Politics pulled him in because he sensed “it was about big, noble ideals. It was about history and historic change.” Years later—by now a Chicago political consultant whose clients had included Sen. Paul Simon, Mayor Harold Washington and Gov. Rod Blagojevich—he was working to make Barack Obama president.

It has been said that Mr. Axelrod was Barack Obama’s Svengali. Reading “Believer” made me think you could as easily say that Mr. Obama was David Axelrod’s Svengali.

“Believer” is a hagiography, a life of what for Mr. Axelrod is a saint-like figure in American politics. On the cusp of announcing his run for the presidency, Sen. Obama is asked by an associate about his plans. Mr. Axelrod writes that Mr. Obama replied: “It may not be exactly the time I would pick, but sometimes the times pick you.”

Opening his account of the White House years, Mr. Axelrod says everything he saw in Washington “confirmed Obama’s campaign critique: most members of Congress are fundamentally concerned with winning and holding on to their seats and to power.” Closing the book, he says Mr. Obama has “limited patience or understanding” for officeholders and what Mr. Axelrod calls their parochial concerns, “which would include most members of Congress and many world leaders.”

In Mr. Axelrod’s telling, Mr. Obama brought to the presidency a set of goals for health care, the economy and the environment whose self-evident rightness should have been embraced because they transcended politics and ideology. Indeed, Mr. Axelrod only once calls Mr. Obama’s goals “progressive” and merely alludes to the “Netroots,” the left-wing activists who mobilized with great success for Mr.
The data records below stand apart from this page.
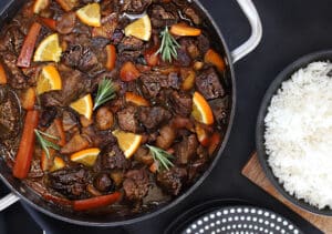 - מוציאים, מקשטים בעלי רוזמרין טריים ופרוסות תפוז טריות ומגישים למרכז השולחן (בתוך כלי הבישול) לצד אורז לבן
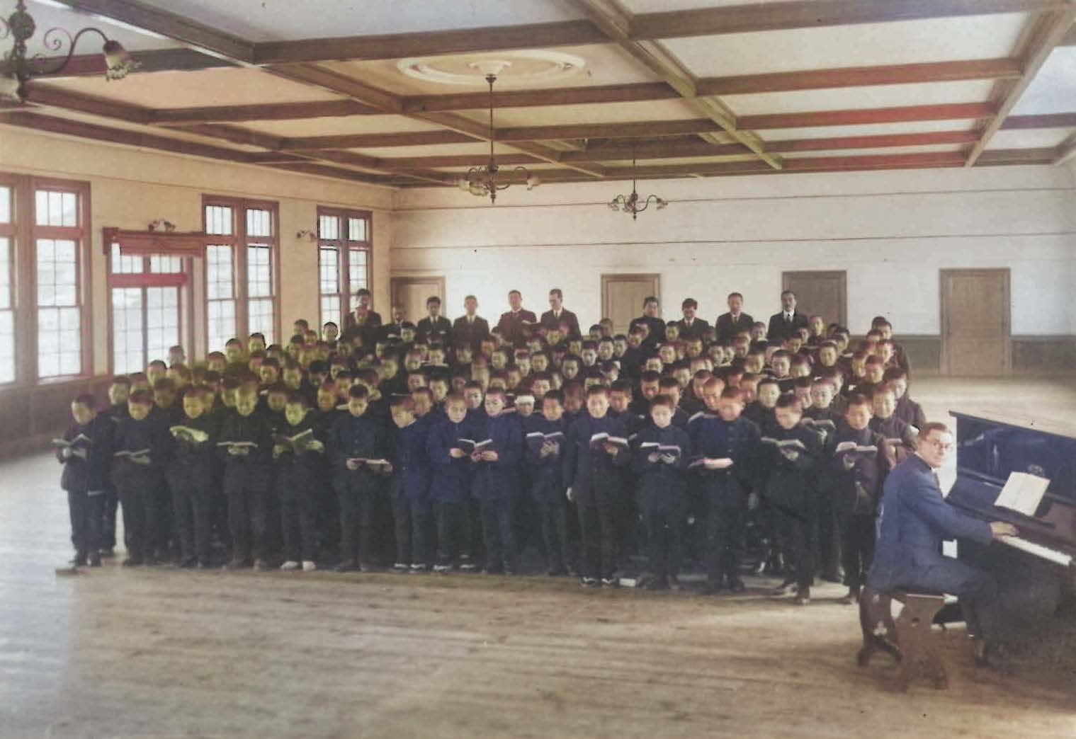 120.52p⑤大正11年(1922)講堂での唱歌の授業
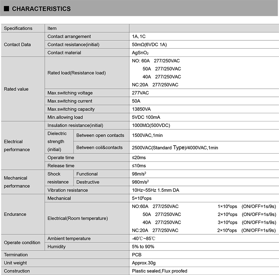 ●50A contact switching capability
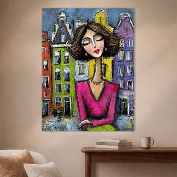The collection spans soft pastel tones and vibrant color contrasts, perfect for modern and eclectic interiors alike. Works like Trendsetter, modern portrait blend whimsy with refinement, while pieces such as Closer explore layered, dreamy compositions that draw you in.
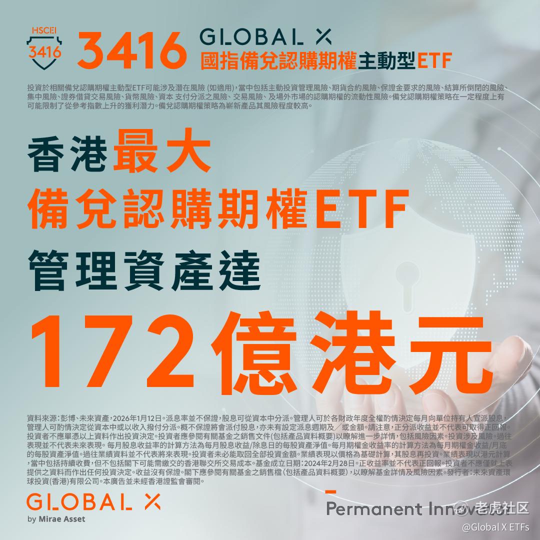 -          香港最大备兑认购期权 ETF,管理资产达 172 亿港元 (资料来源:未来资产, 2026年1月12日)

Obama in 2008. Both Mr. Axelrod and the president thought Republican opposition to the $800 billion stimulus and Affordable Care Act was utterly base. During the health-law battle, Mr. Obama says of Sen. Mitch McConnell and the GOP leadership: “These guys are so cynical. They would take the country over the side just to score some points.”
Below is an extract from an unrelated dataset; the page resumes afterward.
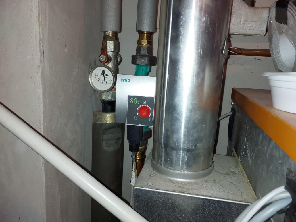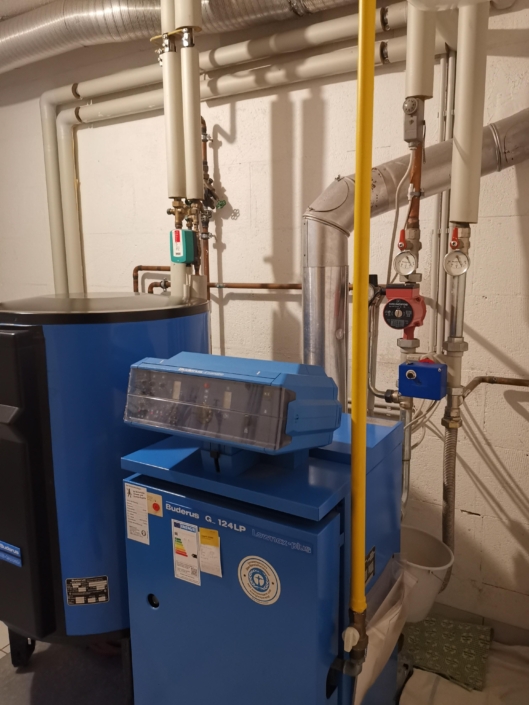 Im Heizungskeller war ein alter Wolf-Kessel montiert. Modernisiert wurde das Gebäude mit einer Vaillant Wärmepumpe. Das Gebäude wird mit Heizkörpern beheizt.
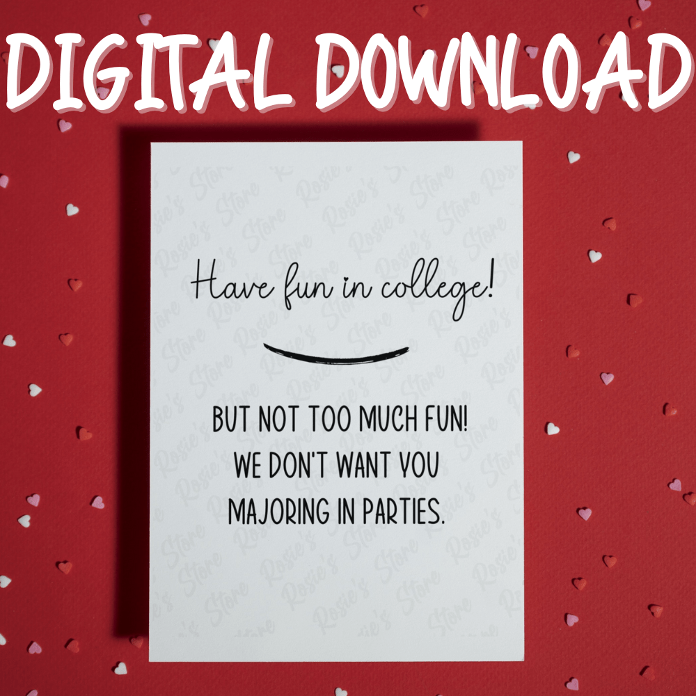 Send off your college-bound loved one with a touch of humor and heartfelt wishes with our digital download greeting card! Our "Have fun in college! But not too much fun! We don't want you majoring in parties." card is the perfect way to show your love and support as they embark on this exciting journey.

Mr. Axelrod’s account of the Obama presidency is basically Mr. Smith Goes to Washington, to the 10th power. Even in the smallest White House groups, Mr. Obama is constantly giving Jimmy Stewart speeches: “I know things are tough right now and a lot of pundits are saying that the presidency is at stake and all of that. I don’t care about any of that. I’m not thinking about reelection.” Rahm Emanuel appears to be the only one driven a little nuts by the atmosphere of political other-worldliness.

Along the way, Mr. Axelrod tells some notable anecdotes. At a New York dinner, for example, a frustrated Barbra Streisand says the president has to talk to people in simpler terms, for the Gruberesque reason: “I hate to say it, but people are stupid.”
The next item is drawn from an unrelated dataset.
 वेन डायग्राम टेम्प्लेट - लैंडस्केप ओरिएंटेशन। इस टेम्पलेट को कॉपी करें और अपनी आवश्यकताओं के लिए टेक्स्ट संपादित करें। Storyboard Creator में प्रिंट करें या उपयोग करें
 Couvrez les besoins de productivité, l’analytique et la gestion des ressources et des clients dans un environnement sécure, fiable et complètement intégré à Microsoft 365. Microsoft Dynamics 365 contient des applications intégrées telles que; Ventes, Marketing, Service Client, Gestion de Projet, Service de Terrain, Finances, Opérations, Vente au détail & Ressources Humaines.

Mr. Axelrod says it was his idea to appoint Elizabeth Warren , “a hero to the Left,” to run the new Consumer Financial Protection Bureau.

He suggests amid the financial crisis that Treasury Secretary Tim Geithner prevailed against White House economic advisers Larry Summers and Christina Romer (“who generally didn’t mix”), in their advice in favor of a government intervention that Mr. Axelrod calls “nationalizing the banks.”

In one of the memoir’s most intriguing moments, he recalls Mr. Obama’s ruminations on a second term. “I’ll be honest,” Mr. Obama says, “four years of this might be enough. I won’t be run out. But if we can turn the economy around and get some things like health care done, I could see walking away from it.”

Instead, as the author of “Believer” might say, Barack Obama and the United States are still in the hands of history.

Mr. Henninger, deputy editor of the editorial page, writes the Wonder Land column.